New command: xtset
A new command, xtset replaces the i(groupvar) and t(timevar) (but they can still be used). The advantage is that you only have to use xtset once for your dataset, rather than every time you run an analysis. For example:
xtset idcode year
panel variable: idcode (unbalanced)
time variable: year, 70 to 88, but with gaps
delta: 1 unitxtset also allows the delta option sets the periodicity of timevar, most frequently used with %tc (time clock) where time is recorded in ms but the actual data was not collected that frequently. For example, for hourly data, one would declare delta((60*60*1000)) or delta(hours).
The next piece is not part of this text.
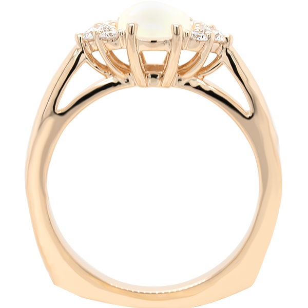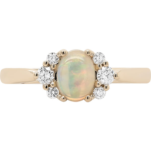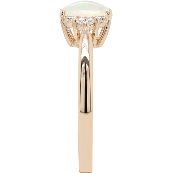 This glowing design features a .53ct Ethiopian opal with rich play-of-color, set in 14K yellow gold and framed by a dazzling .18ctw of natural round diamonds. The asymmetrical diamond clusters add modern sparkle to this vintage-inspired silhouette—perfect for those who love unique gemstone rings with a touch of elegance.
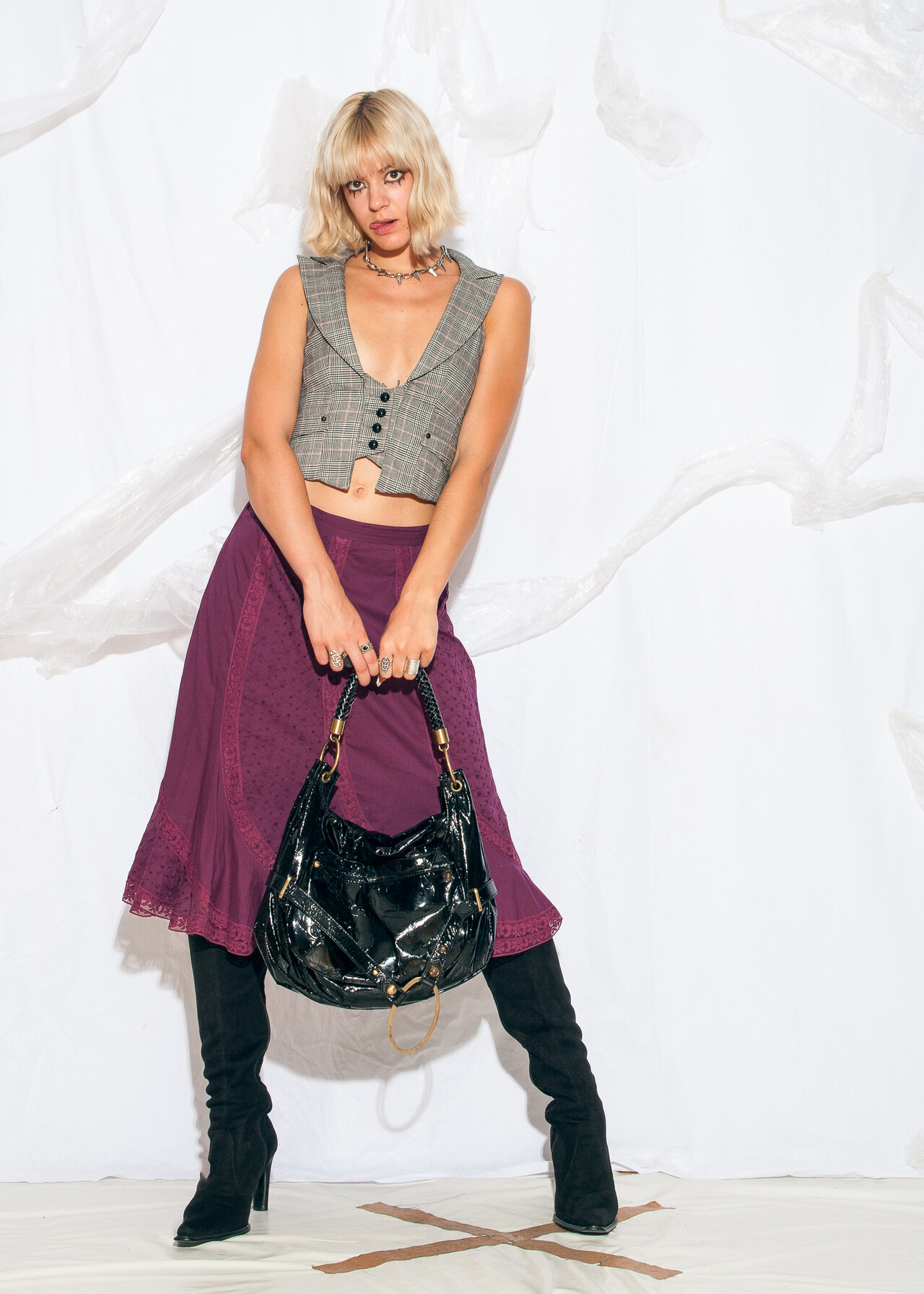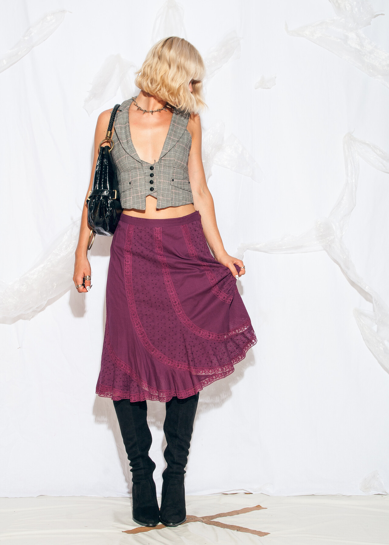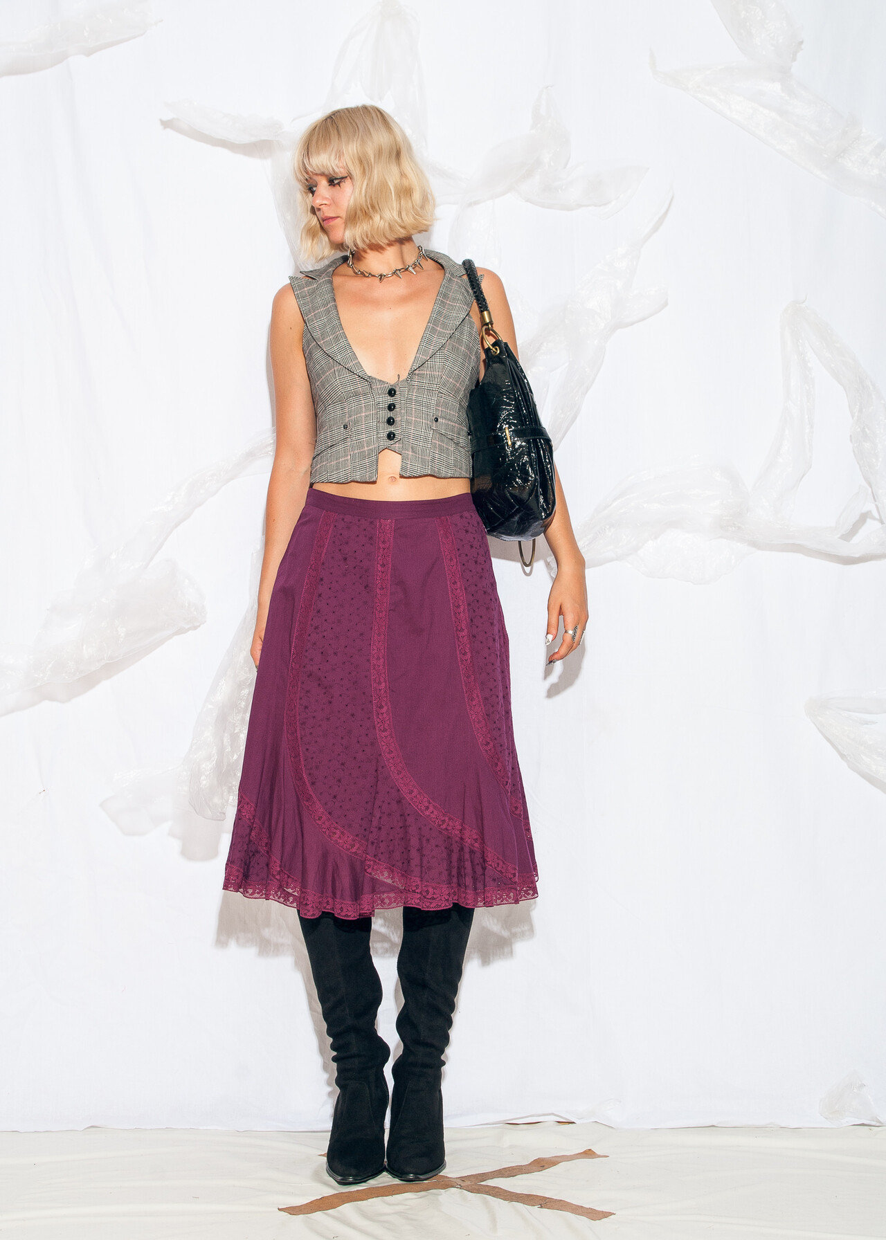 Be the first to review “Vintage Y2K Office Siren Corset Vest in Grey Plaid” Cancel reply

New Models: xtmelogit and xtmepoisson
Mixed models for dichotomous (xtmelogit) and count (xtmepoisson) outcomes!
The data for this example are from a survey of women in Bangladesh about
their contraceptive use. The level 1 variables are:
c_use: contraceptive use
age: woman's age (mean centered)
child1: one child
child2: two children
child3: three or more children
urban: dummy for urban vs. rural
use http://www.stata-press.com/data/r10/bangladesh.dta
(Bangladesh Fertility Survey, 1989)
xtset district
panel variable: district (unbalanced)
xtmelogit c_use urban age child1 child2 child3 || district: urban, cov(un)
Refining starting values:
Iteration 0: log likelihood = -1215.8594 (not concave)
Iteration 1: log likelihood = -1204.0802
Iteration 2: log likelihood = -1199.7943
Performing gradient-based optimization:
Iteration 0: log likelihood = -1199.7943
Iteration 1: log likelihood = -1199.4697
Iteration 2: log likelihood = -1199.3158
Iteration 3: log likelihood = -1199.315
Iteration 4: log likelihood = -1199.315
Mixed-effects logistic regression Number of obs = 1934
Group variable: district Number of groups = 60
Obs per group: min = 2
avg = 32.2
max = 118
Integration points = 7 Wald chi2(5) = 97.50
Log likelihood = -1199.315 Prob > chi2 = 0.0000
------------------------------------------------------------------------------
c_use | Coef. Std. Err. z P>|z| [95% Conf. Interval]
-------------+----------------------------------------------------------------
urban | .8157872 .1715519 4.76 0.000 .4795516 1.152023
age | -.026415 .008023 -3.29 0.001 -.0421398 -.0106902
child1 | 1.13252 .1603285 7.06 0.000 .8182819 1.446758
child2 | 1.357739 .1770522 7.67 0.000 1.010724 1.704755
child3 | 1.353827 .1828801 7.40 0.000 .9953881 1.712265
_cons | -1.71165 .1605617 -10.66 0.000 -2.026345 -1.396954
------------------------------------------------------------------------------
------------------------------------------------------------------------------
Random-effects Parameters | Estimate Std. Err. [95% Conf. Interval]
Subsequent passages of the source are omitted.